When you reproduce the data, keep every word exactly as it stands and leave the pictures out.

::: SOURCE DATA

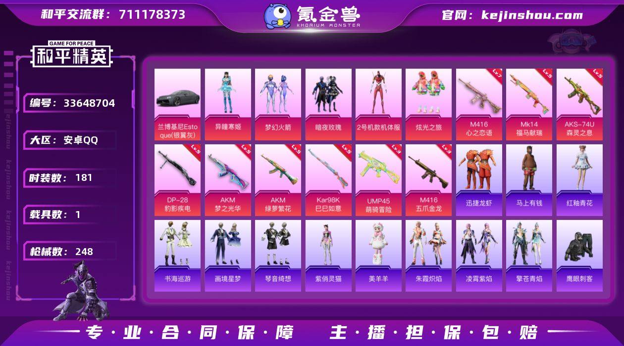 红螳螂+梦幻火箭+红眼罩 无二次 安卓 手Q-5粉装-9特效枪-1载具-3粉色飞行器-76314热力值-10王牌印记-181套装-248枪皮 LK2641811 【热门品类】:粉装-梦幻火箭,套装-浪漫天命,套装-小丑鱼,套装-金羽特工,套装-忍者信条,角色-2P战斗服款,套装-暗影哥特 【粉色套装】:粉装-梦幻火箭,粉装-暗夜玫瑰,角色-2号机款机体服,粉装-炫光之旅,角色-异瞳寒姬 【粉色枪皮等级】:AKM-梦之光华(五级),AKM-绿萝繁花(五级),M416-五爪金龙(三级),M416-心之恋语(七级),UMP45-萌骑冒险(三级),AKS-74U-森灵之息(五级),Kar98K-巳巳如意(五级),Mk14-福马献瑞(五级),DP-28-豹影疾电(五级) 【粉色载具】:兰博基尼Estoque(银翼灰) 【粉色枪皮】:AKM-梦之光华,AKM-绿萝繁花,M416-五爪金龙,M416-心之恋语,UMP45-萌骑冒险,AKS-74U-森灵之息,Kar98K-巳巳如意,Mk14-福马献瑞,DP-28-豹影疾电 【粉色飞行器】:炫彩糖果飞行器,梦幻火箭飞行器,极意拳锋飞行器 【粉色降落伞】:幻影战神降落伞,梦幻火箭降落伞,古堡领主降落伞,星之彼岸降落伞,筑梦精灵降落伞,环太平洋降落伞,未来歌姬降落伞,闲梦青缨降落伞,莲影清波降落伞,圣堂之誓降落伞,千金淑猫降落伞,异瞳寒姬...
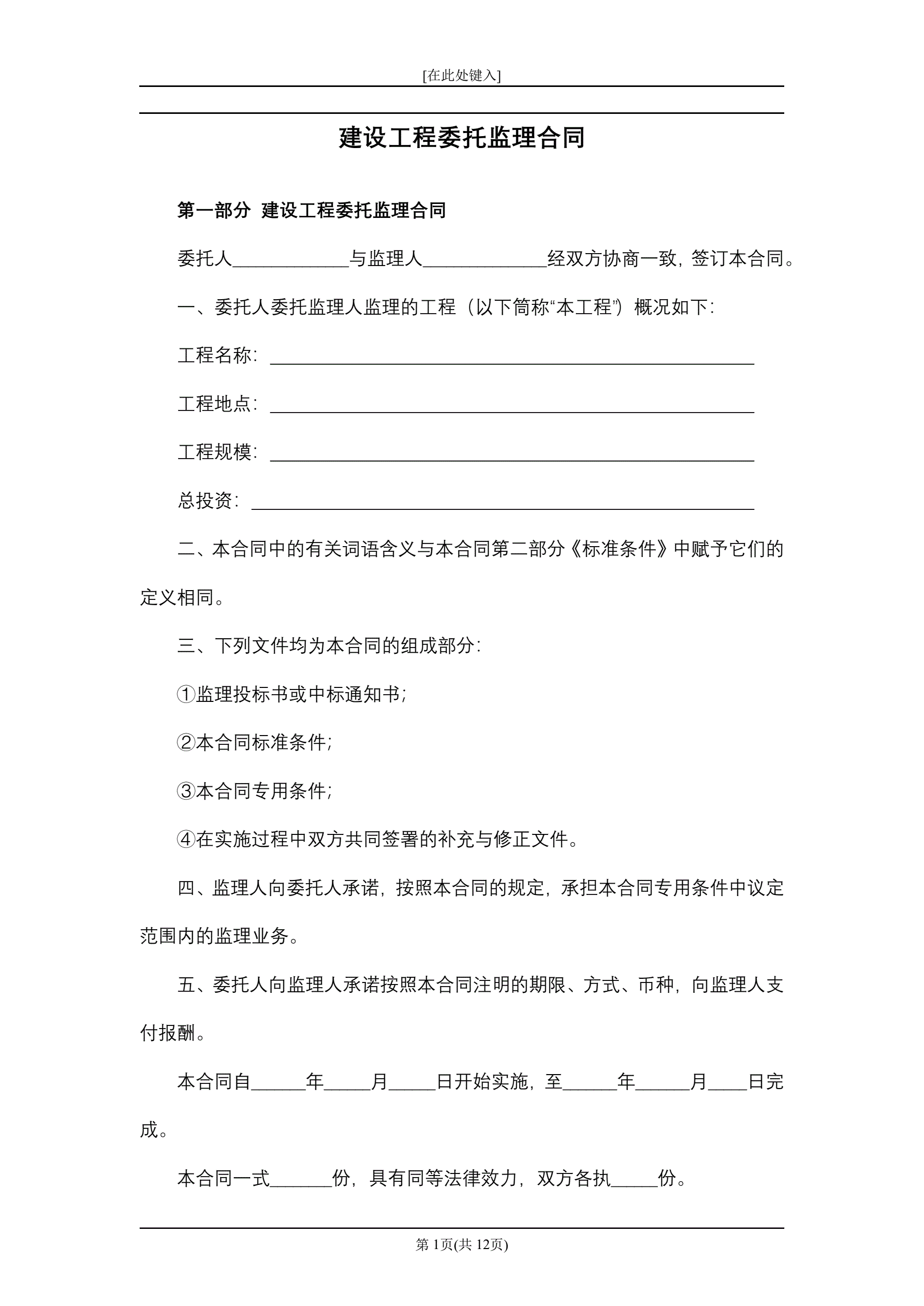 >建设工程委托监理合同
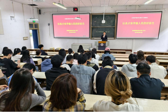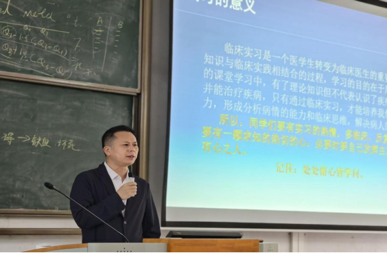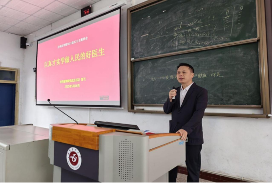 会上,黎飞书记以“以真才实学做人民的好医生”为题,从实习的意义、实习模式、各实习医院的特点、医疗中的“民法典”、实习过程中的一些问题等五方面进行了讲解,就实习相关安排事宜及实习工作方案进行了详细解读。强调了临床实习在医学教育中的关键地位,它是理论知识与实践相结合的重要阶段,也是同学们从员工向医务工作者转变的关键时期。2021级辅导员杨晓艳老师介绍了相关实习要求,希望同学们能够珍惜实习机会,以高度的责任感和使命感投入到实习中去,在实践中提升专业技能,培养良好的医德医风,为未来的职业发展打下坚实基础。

::::::

> **ANSWER TO THIS TASK**
 红螳螂+梦幻火箭+红眼罩 无二次 安卓 手Q-5粉装-9特效枪-1载具-3粉色飞行器-76314热力值-10王牌印记-181套装-248枪皮 LK2641811 【热门品类】:粉装-梦幻火箭,套装-浪漫天命,套装-小丑鱼,套装-金羽特工,套装-忍者信条,角色-2P战斗服款,套装-暗影哥特 【粉色套装】:粉装-梦幻火箭,粉装-暗夜玫瑰,角色-2号机款机体服,粉装-炫光之旅,角色-异瞳寒姬 【粉色枪皮等级】:AKM-梦之光华(五级),AKM-绿萝繁花(五级),M416-五爪金龙(三级),M416-心之恋语(七级),UMP45-萌骑冒险(三级),AKS-74U-森灵之息(五级),Kar98K-巳巳如意(五级),Mk14-福马献瑞(五级),DP-28-豹影疾电(五级) 【粉色载具】:兰博基尼Estoque(银翼灰) 【粉色枪皮】:AKM-梦之光华,AKM-绿萝繁花,M416-五爪金龙,M416-心之恋语,UMP45-萌骑冒险,AKS-74U-森灵之息,Kar98K-巳巳如意,Mk14-福马献瑞,DP-28-豹影疾电 【粉色飞行器】:炫彩糖果飞行器,梦幻火箭飞行器,极意拳锋飞行器 【粉色降落伞】:幻影战神降落伞,梦幻火箭降落伞,古堡领主降落伞,星之彼岸降落伞,筑梦精灵降落伞,环太平洋降落伞,未来歌姬降落伞,闲梦青缨降落伞,莲影清波降落伞,圣堂之誓降落伞,千金淑猫降落伞,异瞳寒姬...
 >建设工程委托监理合同
 会上,黎飞书记以“以真才实学做人民的好医生”为题,从实习的意义、实习模式、各实习医院的特点、医疗中的“民法典”、实习过程中的一些问题等五方面进行了讲解,就实习相关安排事宜及实习工作方案进行了详细解读。强调了临床实习在医学教育中的关键地位,它是理论知识与实践相结合的重要阶段,也是同学们从员工向医务工作者转变的关键时期。2021级辅导员杨晓艳老师介绍了相关实习要求,希望同学们能够珍惜实习机会,以高度的责任感和使命感投入到实习中去,在实践中提升专业技能,培养良好的医德医风,为未来的职业发展打下坚实基础。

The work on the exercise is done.